When the data is normally distributed
What are population values?
The true values of a measure in a population. They define the population.
• Mean, μ
• standard deviation, σ
What is a sample statistic?
The value of the measure in a sample of the population. It is calculated from the observations in the sample
• Sample mean, x̄
• Sample standard deviation (SD), s
What is sampling error?
Information gained from a single sample is the “best estimate” of what is true in the population
• In truth, the sample statistic may be somewhat larger or smaller than the true population value (i.e. uncertainty)
• This is due to sampling error
What is standard error?
It is the measure of the accuracy of the sample estimate. It calculates how far from the true (but unknown) population value the sample estimate is likely to be - basically, how large an error we are likely to be making.
The standard error of the mean would be calculated as: = SD/ square root of n = s/ square root of n
What are the two main methods of statistical inference?
Hypothesis testing (significance testing) Estimation (confidence intervals)
What does low SD indicate?
Data points are close to the mean
What does high SD indicate?
Data points are far from the mean
95 of values lie within how many SDs of the mean?
2 (1.96 to be precise)
How do you calculate a CI range of values?
95% of effect estimates for ‘large’ samples have values
between(effect - 1.96 SE) and (effect + 1.96 SE). SO, you would calculate as:
For 95% CI for diff = MEAN ± (1.96 x SE) = upper value
= MEAN - (1.96 x SE) = lower value
95% CI (upper value to lower value)
Describe the relationship between p values and confidence intervals
If the ‘no effect’ value falls outside the CI then the result is statistically significant
• Confidence intervals and P-values present complementary information
• Confidence intervals show the range within which the true treatment effect is likely to lie
• P-values measure the strength of the evidence against a hypothesis of particular interest: the null hypothesis
How is a CI determined?
CI is determined by the Standard Error – a measure that combines SD and sample size, n.
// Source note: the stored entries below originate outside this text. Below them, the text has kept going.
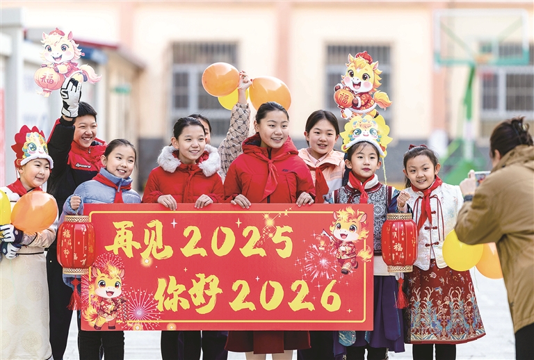 2025年12月30日,内蒙古自治区呼和浩特市玉泉区恒昌店巷小学学生手持“再见2025 你好2026”标语合影。 图片来源:视觉中国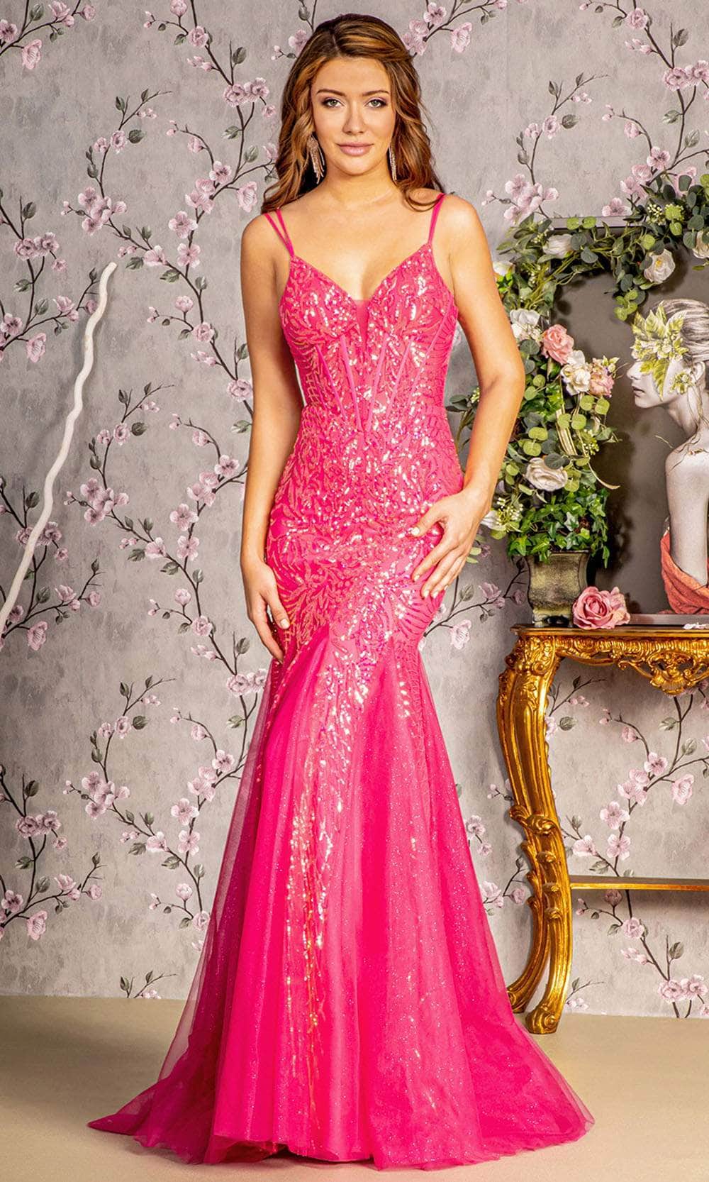 Showcase your glamorous side in this lovely GLS by Gloria GL3228, a mesmerizing sequin illusion sweetheart gown that embodies glamour. The sleeveless sheer bodice, embellished with sequins, features a captivating sweetheart neckline. Supported by double straps, it leads to a lace-up back and central zipper closure for a secure fit. The floor-length mermaid skirt flows gracefully, concluding with a train for extra allure. This GLS by Gloria GL3228 effortlessly melds modern elegance with timeless charm, offering a radiant choice for any special occasion. Model is wearing Hot Pink color.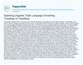 Exploring Linguistic Trails: Language Unraveling 'Traveling' vs 'Travelling'. (2023, Dec 28). Retrieved from https://hub.papersowl.com/examples/exploring-linguistic-trails-language-unraveling-traveling-vs-travelling/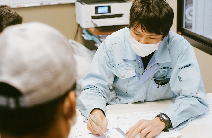| 働く環境 | 整えるのは、土壌だけではありません。働く環境もしっかり整えています。 全国各地で工事の依頼を受ける当社では、よりよい環境で業務に取り組めるような設備・環境や福利厚生づくりに努めています。 新入社員として入社する皆さんにはしっかりとOJTでサポートしていくのでご安心ください。 残業(所定外労働時間)は全社月平均11hです。 年次有給休暇取得率71%。会社としても有給の取得目標を70%以上を目標とし、ゆくゆくは有給の取得80%を目指す方針です。 平均勤続年数13.3年と高い定着率 資格取得のためのサポートも充実 |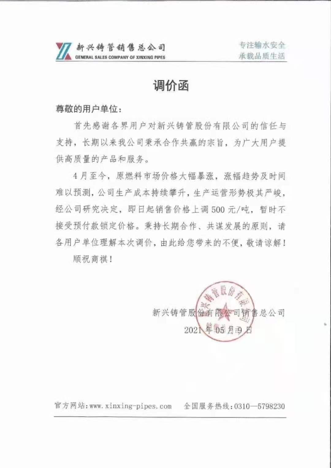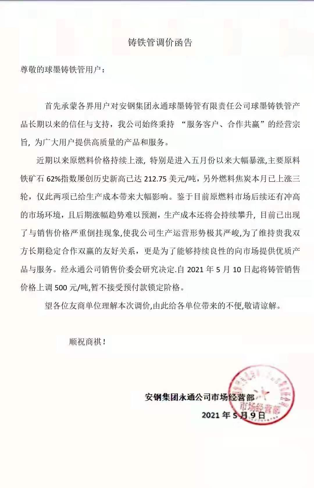 受國際鐵礦石價格創(chuàng)下歷史新高影響,國內(nèi)鋼材市場價格大幅度上漲,球墨鑄鐵管生產(chǎn)企業(yè)迫于成本壓力再次大幅度調(diào)整價格。預(yù)期價格仍將走高。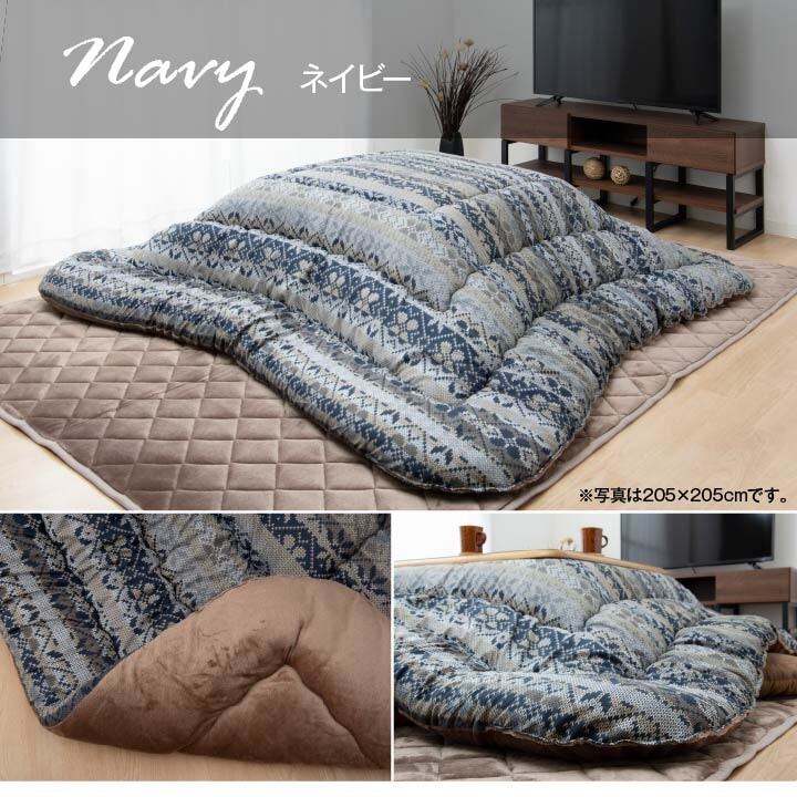 落ち着いたデザインと色味で温かみを感じるこたつ布団です。中綿に東レマッシュロン綿を使用,とても軽量な上に,ふんわりと弾力性に富んでいます。表地にはポリエステルピーチスキンを使用しています。裏地は肌触りがなめらかで温かみのあるフランネル素材を使用しています。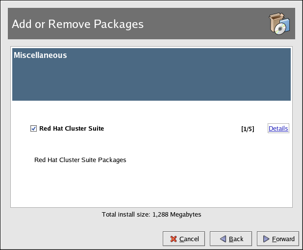 Check the box for the Red Hat Cluster Suite, and click the Details link to the package descriptions.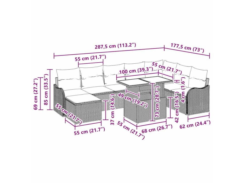 - Komplexná komponentná sada: Set obsahuje rohové sedenie, štyri centrálné sedenia, dve pohovky, priestranný taburet a variabilný stôl. Každá súčasť je navrhnutá pre maximálne pohodlie a funkciu s pridanými poduškami na sedenie pre väčšie pohodlie a zakrivenými lakťovými opierkami.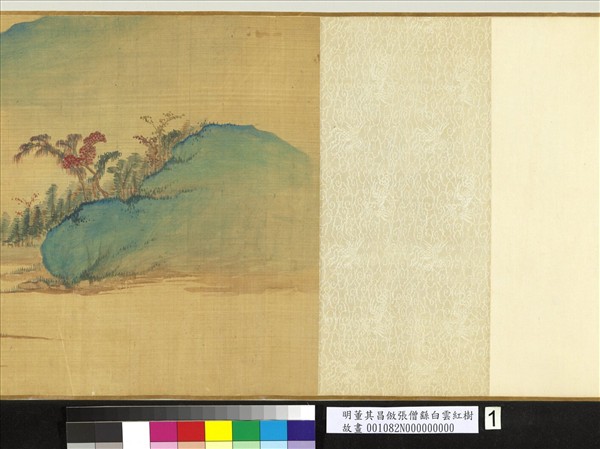 董其昌(西元一五五五-一六三六年),字玄宰,號思白,華亭(江蘇松江)人。萬曆十六年進士,官至禮部尚書,善書畫,山水筆墨爽朗,瀟灑自具風格。   此幅青綠設色。紅樹青山,白雲靄靄,一片秋光,明媚清麗。畫中點葉用赭色、胭脂、硃砂、汁綠和赭墨交相點畫,筆觸輕盈爽朗,施色鮮麗而不傷雅秀。幅末自題云:「張僧繇沒骨山,余每每倣之,然獨以此卷為愜意,蓋緣神怡務閒時所作耳。」其自許如此。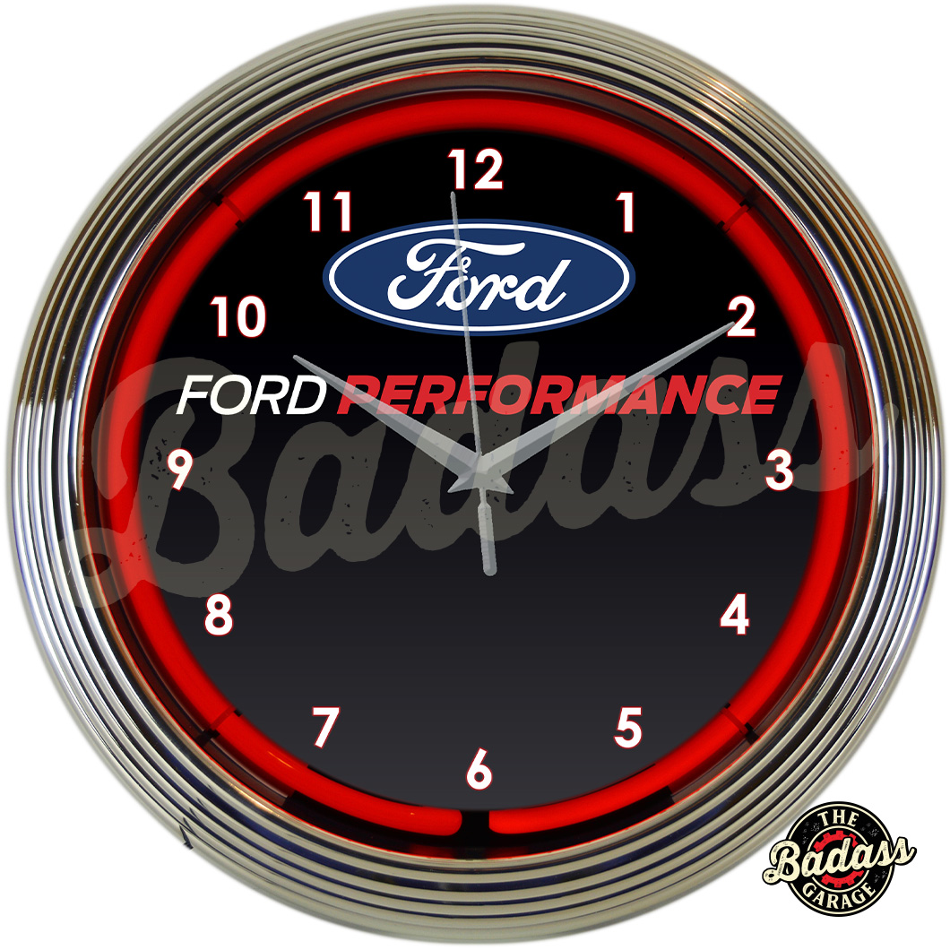 Ford Performance Neon Clocks feature a hand blown ring of real glass neon, generating 25 watts of light. The neon clocks have glass faces and feature multi-tiered art deco styles rims. The Ford Performance neon clock features a chrome rim with a single ring of red neon. The quartz movement clock operates on one AA battery (not included). The neon light is powered by an AC adapter (included) that plugs directly into a wall outlet. Give your home the fabulous glow of real neon! Fully licensed by Ford Motor Company through Neonetics Inc. Ford Officially Licensed Product from Neonetics. For indoor use only. Product Dimensions 15″W x 15″H x 3″D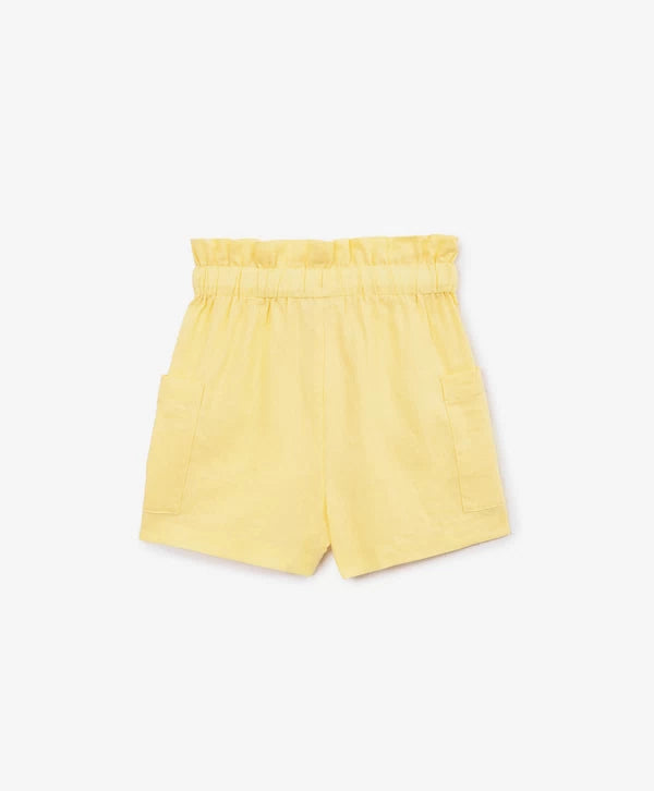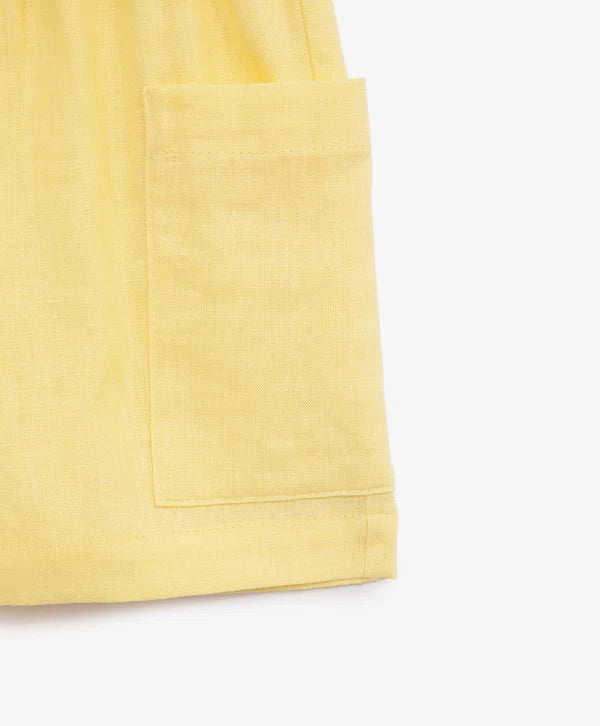 These girls’ shorts by Gulliver are crafted from a breathable blend of linen and cotton, making them perfect for warm-weather days. The lightweight natural fabric ensures comfort, while the cheerful yellow color adds a fresh seasonal touch. Designed with a comfortable fit, these shorts are ideal for everyday wear, vacations, and summer outings.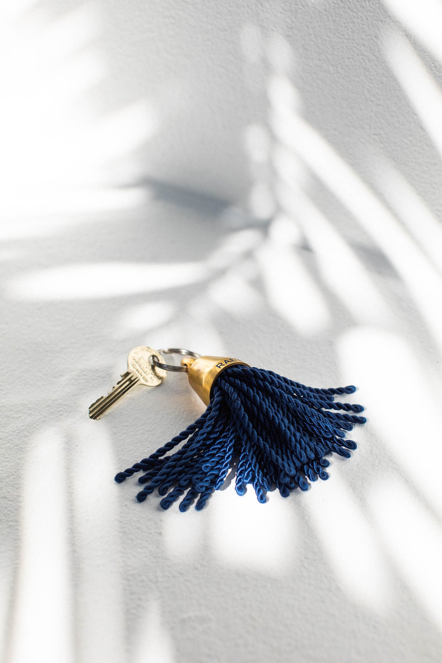 Solid polished brass with a blue silk tassel, our keychains are engraved with Raes.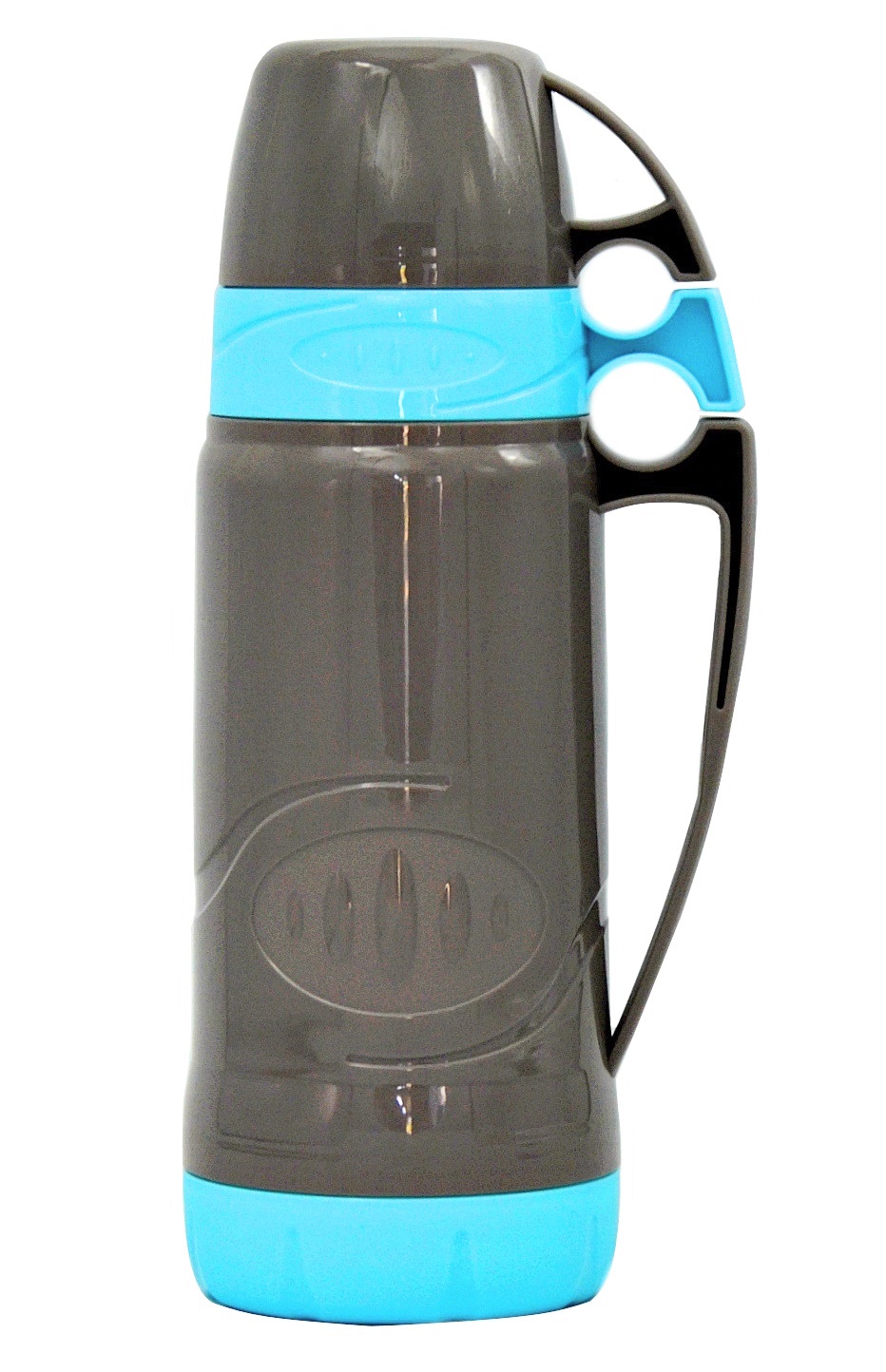 Термос RM/АВ-1000 Голубой.Объём 1л.Корпус пластик,колба стекло.2 кружки.Без клапана, узкое горло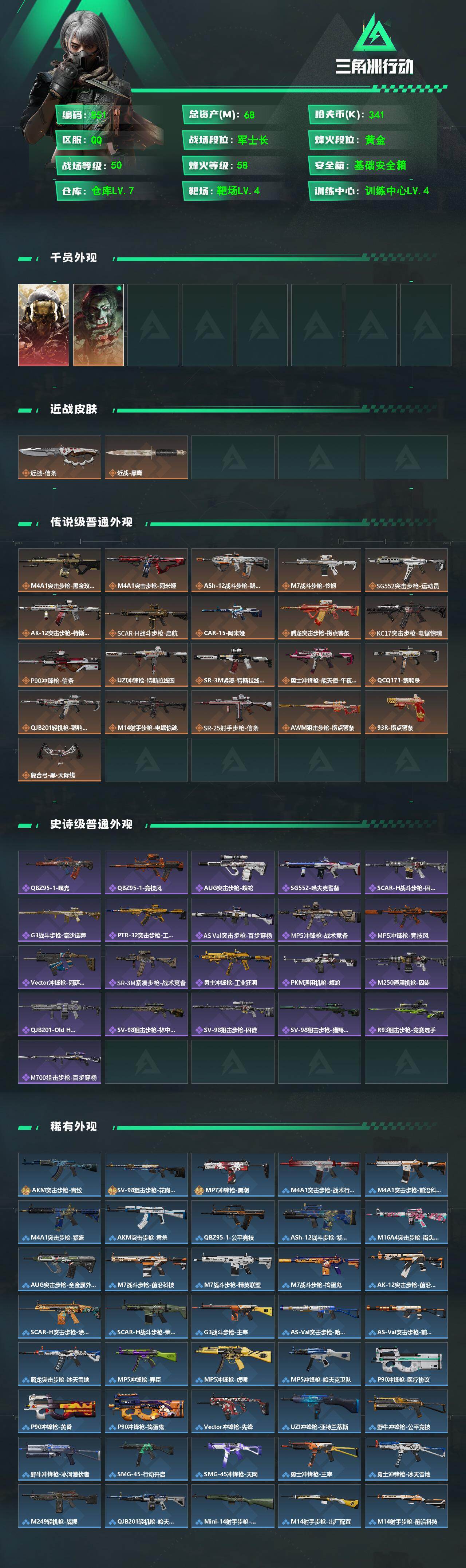 68m总资产-341k哈伏币-58烽火等级-黄金-50战场等级-军士长【干员

Standard Error (SE) = SD/ square root of n
What is the definition of a CI?
A confidence interval provides a range of plausible values for the POPULATION mean, not the SAMPLE mean
What does a p-value measure?
The strength of the evidence against a
hypothesis of particular interest: the null hypothesis
What is the definition of incidence?
The number of NEW cases of a disease/condition during a population at risk of developing the disease/condition during a specified time period
How is cumulative incidence different from incidence rate?
Incidence rate uses person-time (the sum of the disease-free time) as the denominator, incidence uses the number of people at risk of developing disease/condition during a specified time period
what is the definition of cumulative incidence?
o The cumulative incidence or risk of a disease is the
probability that the disease occurs during a specified time period.
o Equivalently, cumulative incidence can be defined as the percentage of the at risk population in which the disease occurs during a specified time period.
What is the question that cumulative incidence answers?
“what is the probability or chance that an individual
develops the outcome in a defined period of time?”
When do we use the incidence rate (sometimes called incidence density) instead of simply the incidence?
When all people are not observed for the full time
period or not at risk for the full time period we need to
consider “person-time” at risk and report the incidence
rate (also sometimes called incidence density
What question does incidence rate answer?
“at what rate are new cases of the disease occurring within the at risk population”
What is the definition of prevalence, and how is it calculated?
Prevalence= Number of cases observed at time t /
Total number of individuals at time t
What question does prevalence answer?
“what fraction of the group is affected at this moment in time?”
What is the definition of a p value
A p value is the probability of having observed our data (or more extreme data) given that the null hypothesis is true.